About The Wellcome Trust Sanger Institute

The Wellcome Trust Sanger Institute is a not-for-profit research organisation and is one of the world’s leading genome centres. It shares the aims of the Wellcome Trust (its major funding agency) of improving human and animal health, principally through its programme of biomedical research. It is run by the charity Genome Research Limited (GRL).

The Institute’s defining characteristic is that it conducts biomedical research on a scale that few other organisations can match. Institute researchers and their collaborators capitalise on high-throughput pipelines and the Institute’s skills in DNA sequencing, model organism genetics and cellular genetics to produce new understanding and new resources that are widely shared with the worldwide research community. Institute programmes in infectious disease, human disease, cancer genetics, cellular genetics and models of disease are integrated to enhance efficient use of valuable resources and maximise the yield of new discoveries. Through its ability to conduct research at scale, the Institute is able to engage in bold and long-term exploratory projects that are designed to influence and empower medical science globally.

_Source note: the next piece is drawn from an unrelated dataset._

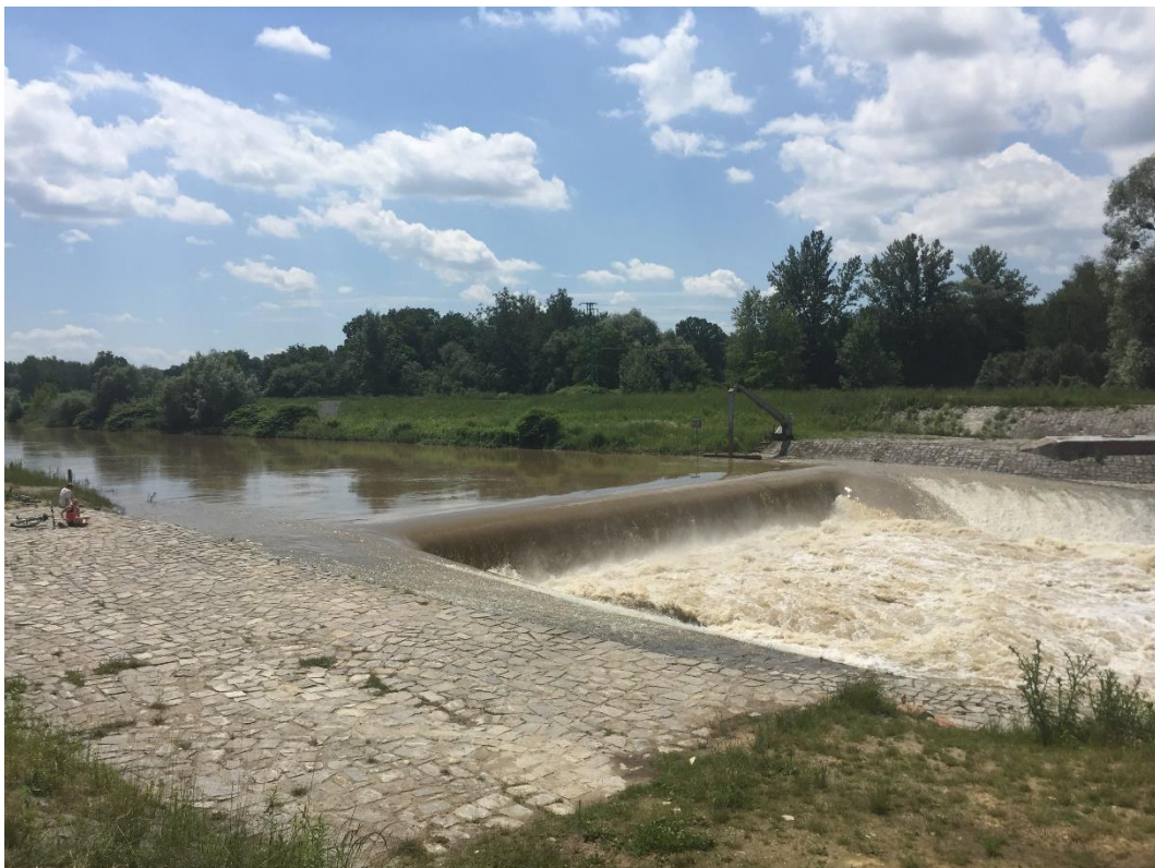
Obr. č. 8 Odra, km 20,5 – jez Zábřeh v období vysokého průtoku

The Wellcome Trust Sanger Institute’s role in suppresSTEM

The Wellcome Trust Sanger institute will characterise the genomes of the organoids. By comparison of organoids derived from cancer and normal tissues, we will identify mutations in genes that drove the cancers, and characterise all the genomic alterations that accumulated in the tumours. The data will allow us to assess whether organoids with particular driver mutations and other genomic features  respond to the antibody-based drugs differently.

Genetic characterisation of the organoids will take advantage of the established sequencing pipeline at the Wellcome Trust Sanger Institute. DNA samples from normal, primary and metastatic cancer organoids will serve to produce sequencing libraries, which will be sequenced and analysed. In the analysis special attention will be paid to mutations in pathways that have previously been identified to be altered in colorectal cancer.